Miracles abound in the snow as we trudge to our spirit’s home

I’ve got to be honest with you, folks. I moved to Vermont in 1975 from a small town outside Pittsburgh called Beaver.

In the southwest corner of Pennsylvania, if you weren’t a 6-feet, 2-inch, 250-pound kid who loved football, you weren’t very popular. Team sports were the only way to get any recognition.

I was too small and incredibly shy to make my way through adolescence in this environment So after hearing a song called “Wildfire” by Michael Murphy, I dreamt of skiing through deep powder in the trees during a blizzard. It appealed to my newly formed image of what I wanted to be “when I grew up.”

Courtesy photo. Bradley Carleton and Chessie duck hunting late in the season.
Courtesy photo. Bradley Carleton and Chessie duck hunting late in the season.

I spent a lot of time alone in the woods. Every time it snowed, I would stare longingly out the big bay window in the “rec room.” I would dream of a life in the Great North Woods, where, alone, I would embrace the cold and find the serenity and feeling of belonging that every struggling teenager seeks.

I was failing school and skipping days when it snowed. At one point my father asked me what I was doing when my report card stated that I had missed 32 days of the winter semester.

I was obsessed with skiing and found a “bad character” who would always oblige me with a ride to Seven Springs, an hour and a half north. We would stash our skis in the woods behind the high school, and after we were dropped off by our parents, we would walk into the school at the front door, sign in, and walk out the back door by the gym, where the car would be waiting.

Finally, one day my father saw me walking into the woods behind the house carrying my skis and it was obvious that I had found something to be more enthusiastic about than my three years of failing Spanish.

He gave me an ultimatum: either you find a private school that you want to attend, or you will be going to a military school. Finally, I saw my dream coming to fruition. I picked up a copy of SKI magazine, and in the back under the ads, I found a private school that claimed I could ski every day. I circled the ad and laid the magazine open on my father’s rolltop desk.

My dream became reality with great alacrity. Within two months, I was “shipped off” to Vermont Academy. I was 16. While I was at Vermont Academy, a certain teacher was a powerful influence on me. His name was “Mr. Sargent.” I never knew his whole name, but he introduced us to the outdoors in a way that set my soul on an insatiable path of wonderment about everything from bugs in streams to the snort of a buck in the dark.

When my family sold their house in Beaver, I told them that I had found “my home.” My spirit cried out so loudly that I would be living here in Vermont, no matter where they wanted to go.

Without being the least bit manipulative, I simply stated that I had found my heart’s home. Strangely enough, they all decided to move to Stowe, where, once again, I was promised that I could ski every day as a potential contender for the burgeoning sport of freestyle skiing.

Six short years later my body began to wear down from skiing 150 days a season but the wonderment of the outdoors and the feeling of finally finding where I belonged, my dream of skiing in deep powder and the peacefulness it brought me formed the spiritual infrastructure that would define the rest of my life.

I guided people for 28 years under the name Champlain Valley Guide Service. I took people waterfowl hunting, turkey hunting, ice fishing and foraging. Through those 28 years I developed an ever-increasing base of knowledge and discovered that my happiest moments were teaching others to see the awe and miracles that nature constantly offered.

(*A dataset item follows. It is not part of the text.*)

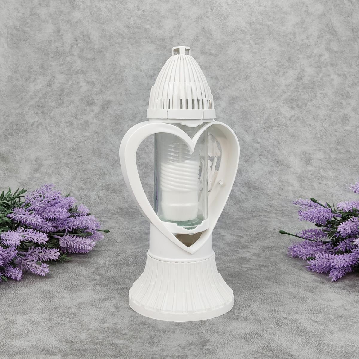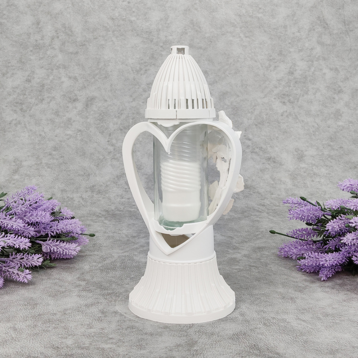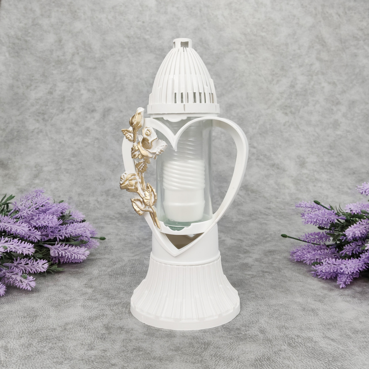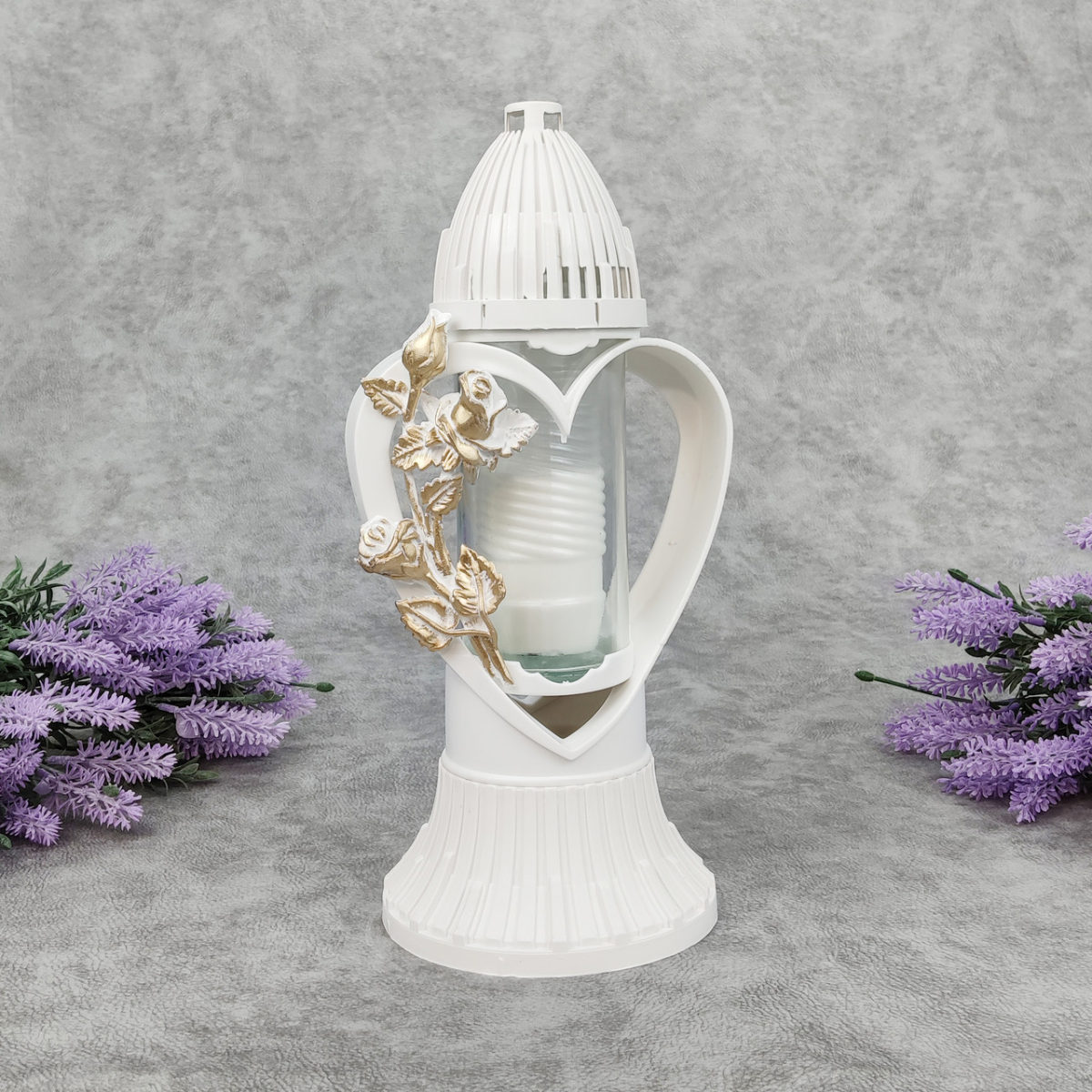 Лампадка середня Пам’ять у серці 3D біла з золотистою трояндою

Maybe it was discovering a cluster of chanterelles on a moist hillside or an acrobatic leap of a colorful brook trout in a mountain steam. Maybe it was the flock of Canada geese coming to my calls and locking their wings, dropping their chimney black feet to glide into the spread of decoys.

It could have been that very first buck that walked near the tree stand that my father and I built on the hillside in Stowe. Or the time I found my truck keys that had fallen out of my pocket in the dark in a bay a mile wide.

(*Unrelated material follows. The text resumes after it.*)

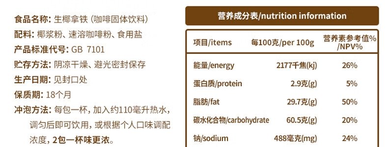 商品名称:南国 生椰拿铁 330g/袋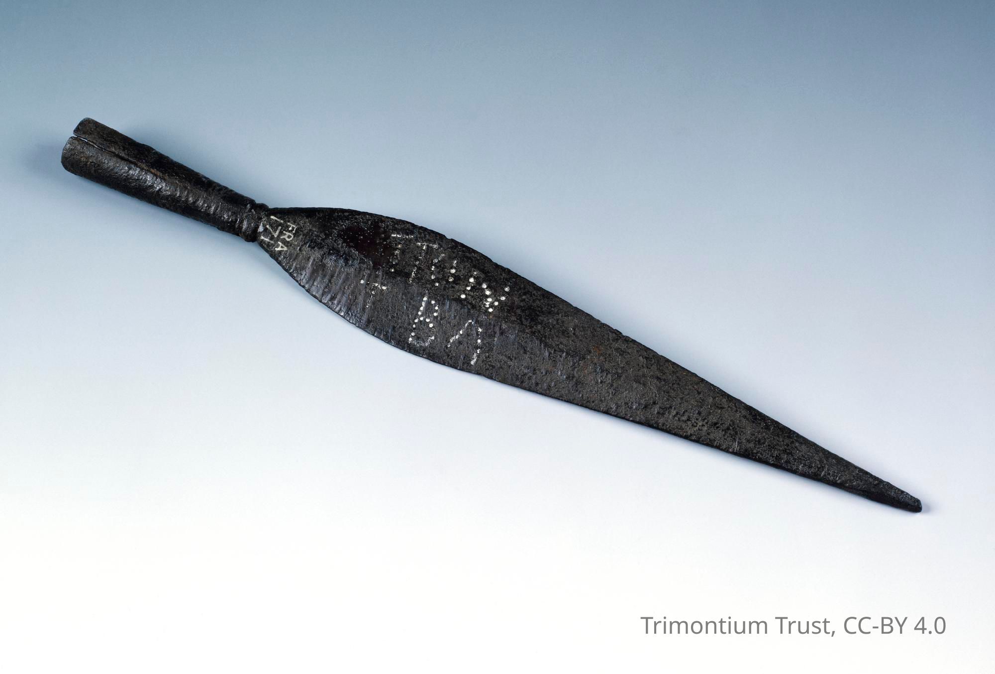 Iron spearhead with punctured inscription indicating ownership, from the Roman site at Newstead (Trimontium). 80-100 AD

My point, my readers, is that in our dreams and on the paths that we follow, we can find miracles all around us. All we must do to see them is to be open to see the beauty of every leaf, every blade of grass, every cool breeze, every scent of a lake or glowing yellow light inside of a deer camp as we walk back in the fading light.

It is in every snowflake that makes up a blizzard as we trudge forward in the deep powder toward our spirit’s home.

(Bradley Carleton is executive director of Sacred Hunter, a non-profit that seeks to educate the public on the spiritual connection of man to nature.)